Но нет. Когда мы поднялись и подошли к изголовью ложа, я увидел, что он не улыбался. Он лежал обширный, торжественный, одетый как для службы у алтаря, и крупные руки придерживали чашу. Лицо было гневным, серым, массивным, с черными пещерами ноздрей, обрамленное скудной седой щетиной. Стоял тяжелый запах в комнате – от цветов.
Мы перекрестились и вышли. В нижней комнатке мы нашли Элизу восседающей в его кресле. Я пробрался к своему обычному сиденью в углу, а Нэнни извлекла из буфета графин с шерри и несколько винных рюмок. Поставив все на стол, она предложила нам выпить по рюмочке шерри. Затем, по знаку сестры, разлила шерри и подвинула нам рюмки. Она уговаривала меня взять также хрустящего печенья, но я отказался, опасаясь, что буду слишком громко хрустеть им. Мой отказ ее как будто немного огорчил; она тихо отошла к дивану и уселась на него за спиной сестры. Никто ничего не говорил; мы все смотрели в пустой очаг.
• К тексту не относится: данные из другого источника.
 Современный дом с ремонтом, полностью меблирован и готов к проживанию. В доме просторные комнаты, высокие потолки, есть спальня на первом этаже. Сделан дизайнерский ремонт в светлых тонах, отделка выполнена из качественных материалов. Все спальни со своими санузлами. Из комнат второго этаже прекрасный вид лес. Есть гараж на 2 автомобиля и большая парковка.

Тетя выждала, пока Элиза вздохнет, и тогда сказала:
– Что же, он отошел в лучший мир.
Элиза снова вздохнула и наклонила голову в знак согласия. Тетя погладила ножку своей рюмки, прежде чем отпить немного.
– А это свершилось… мирно? – спросила она.
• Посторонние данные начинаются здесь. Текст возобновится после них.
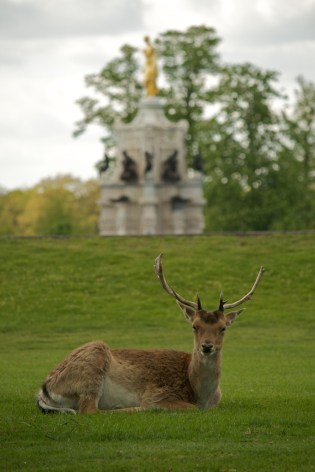 A deer in Bushy Park, posing in front of the Diana Fountain.
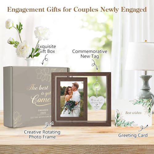 Engagement Gifts for Couples Newly Engaged:Looking for a meaningful and unique engagement picture frame? This elegant double-sided rotating photo frame is the perfect choice. It displays two cherished photos, symbolizing the bond and commitment of two hearts. Not only is it a heartfelt keepsake for preserving memories, but also a special way to celebrate your love.
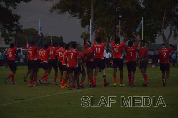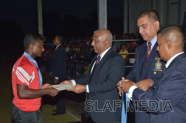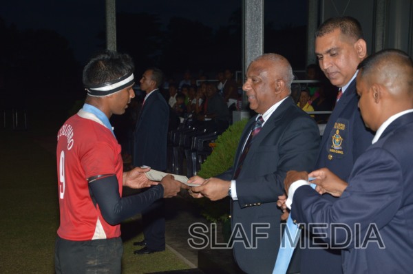 At the half time, SLAF Stn Cbo led 5 – 0 through a try by Fg Off Nonis. After lemons, Cbo team dominated the proceeding through some fast and open Rugby. They increased the lead through a Penalty by Cpl Peduruarachchi and a try by LAC Silva and the score line read 13 – 0 at the long whistle in favour of the team from Colombo.
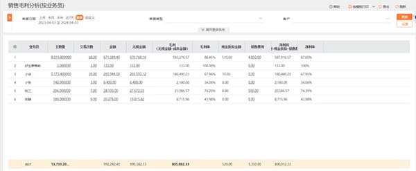 通過(guò)后臺(tái)可以清楚地知道交易次數(shù)、銷(xiāo)售金額、無(wú)稅金額、成本金額、毛利潤(rùn)、凈利潤(rùn)等,一張圖就能清晰知道每個(gè)客戶(hù)給公司帶來(lái)了多少毛利、多少凈利。
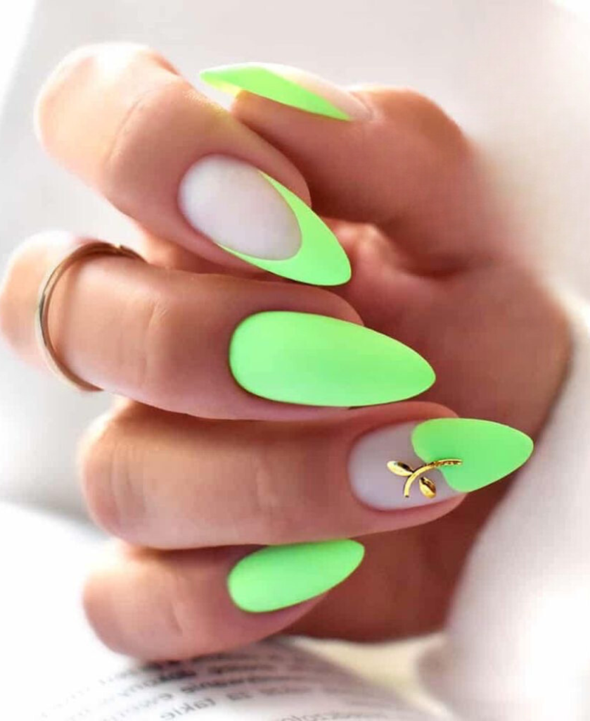 The neon trend this summer goes an artistic way with cut-out designs which are no less than a masterpiece. The almond shape, which is the best choice for its feminine and elongating effect, is used here with the short length for a modern twist. These nails bring a play of alternating shades of neon green and matte white, with a little gold charm which is quite simple but precious making the bright set perfectly opulent. The ‘Sparkly Gold Charm’ is a creative and artistic expression for a lady who finds pleasure in the minutest of details and fancy a hint of glamour in her everyday wear.
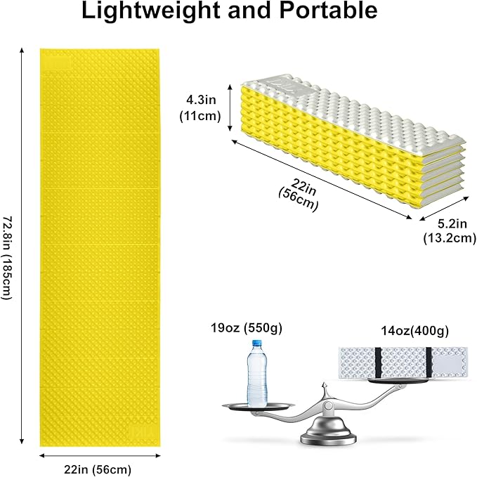 • Suitable Size and Multi-Purpose Outdoor Gear: The unfolded size of the foam sleeping pad is 72.8 x 22 inches, and the folded size is 22 x 5.2 x 4.3 inches, easy to fold & carry. And more than just a camping pad! Use it as a picnic mat, temporary seat, yoga pad, or protective ground cover under air mattresses. Whether you’re resting during a trek, or simply enjoying the outdoors, YIKI adds versatility to your gear setup
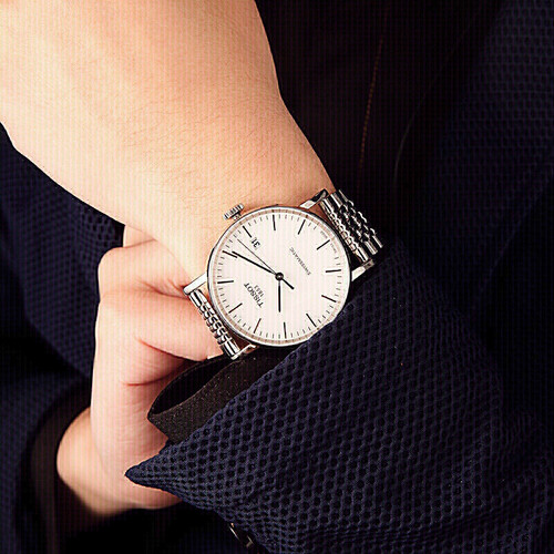 简洁的大表盘设计,时尚大气,不锈钢材质的表带设计,历久弥新,搭配做工细腻的珠宝扣设计,尽显儒雅的男士魅力。
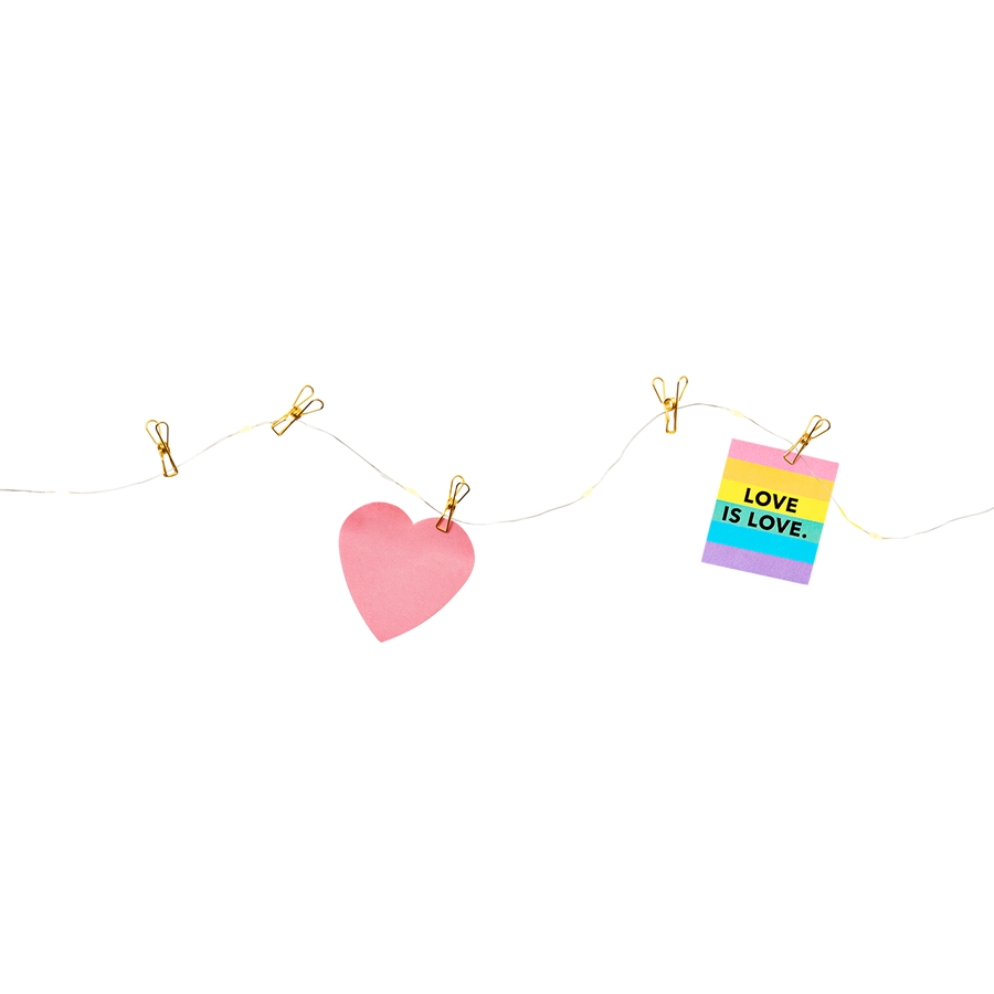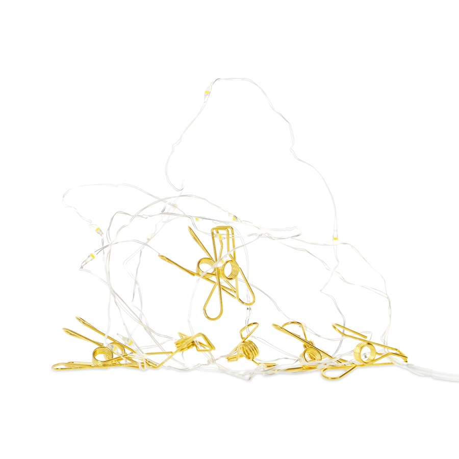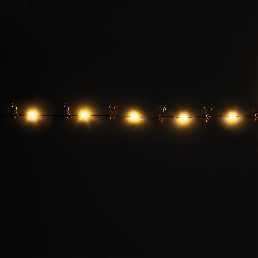 LEDストリングライト。LEDライト20個とゴールドのクリップ10個付きです。カードや写真を挟んで、オリジナルのライトチェーンを作りましょう。単三電池2本使用(別売)。長さ2.2mです。

– О, совсем мирно, мэм, – ответила Элиза. – Нельзя было даже заметить, когда был последний вздох. Бог ему послал прекрасную кончину.
– А все должное…?
– Во вторник приходил отец О’Рурк и совершил соборование и все приуготовления.
– Значит, он знал?
– Он был совершенно отрешенным.
– Он выглядит совершенно отрешенным, – сказала тетя.
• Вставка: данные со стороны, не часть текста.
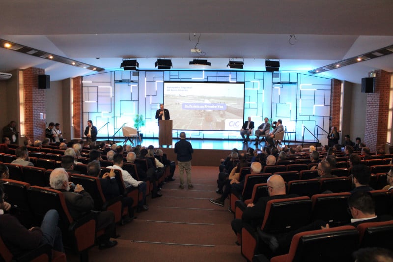Um encontro promovido pela Câmara de Indústria, Comércio e Serviços de Caxias do Sul (CIC Caxias), nesta sexta-feira (29) tratou, dentre outras demandas, do projeto do novo Aeroporto Regional da Serra Gaúcha. Sob o tema "Do projeto ao primeiro voo", o evento reuniu lideranças importantes da política e empresariais para debater os avanços e próximos passos desse empreendimento estratégico para a infraestrutura do Rio Grande do Sul, cuja expectativa é de ser concluído em 2026.
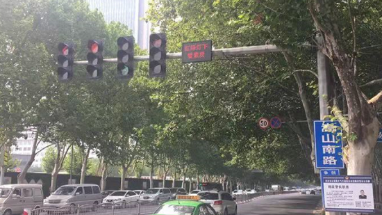 2019年7月16日,郑州嵩山路中原路,路面上的信号灯旁出现了一个新屏幕,有时候屏幕上显示着各类交通宣传语,在信号灯快要变化的时候,又能够及时为出行者进行信号计时提醒,这是郑州交警为了群众能够更明了地掌握信号灯时间,设置的智能信号灯计时提醒系统。
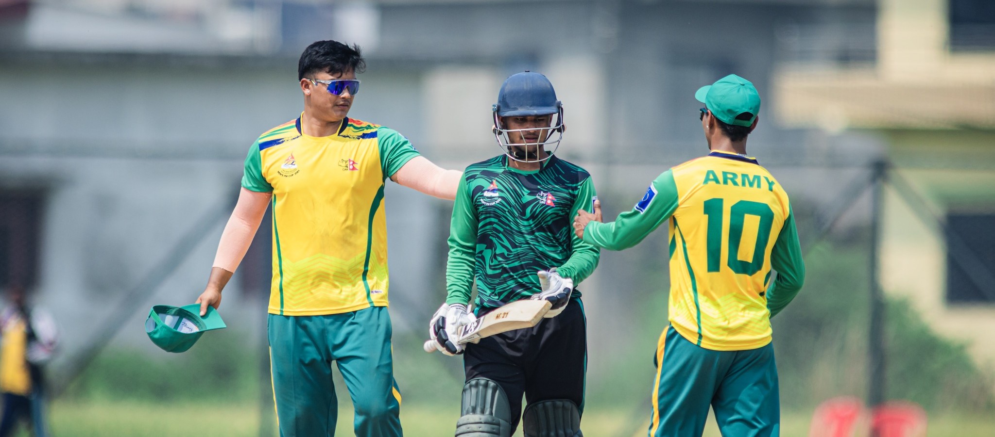 आर्मीका लागि सन्तोष कार्कीले ६३ बलमा १० चौकाको मद्दतमा नट आउट रहँदै सर्वाधिक ५५ रनको योगदान गरे । तृतराज दासले ३१ रनमा आउट हुँदा कप्तान विनोद भण्डारीले २० रनमा नट आउट रहे ।
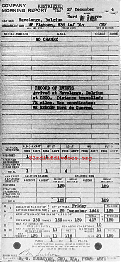 Morning report MP/83 for December 27, 1944

– Вот именно это сказала женщина, которая приходила его обмыть. Она сказала, что он выглядит так, словно он заснул, он выглядел таким мирным и отрешенным. Никто не подумал бы, что он будет таким красивым покойником.
– Это верно, – сказала тетя.
Она сделала из своей рюмки еще маленький глоток и сказала:
– Что же, мисс Флинн, для вас, по крайней мере, должно быть большое утешение, что вы делали для него все возможное. Я должна сказать, вы обе были настолько добры к нему.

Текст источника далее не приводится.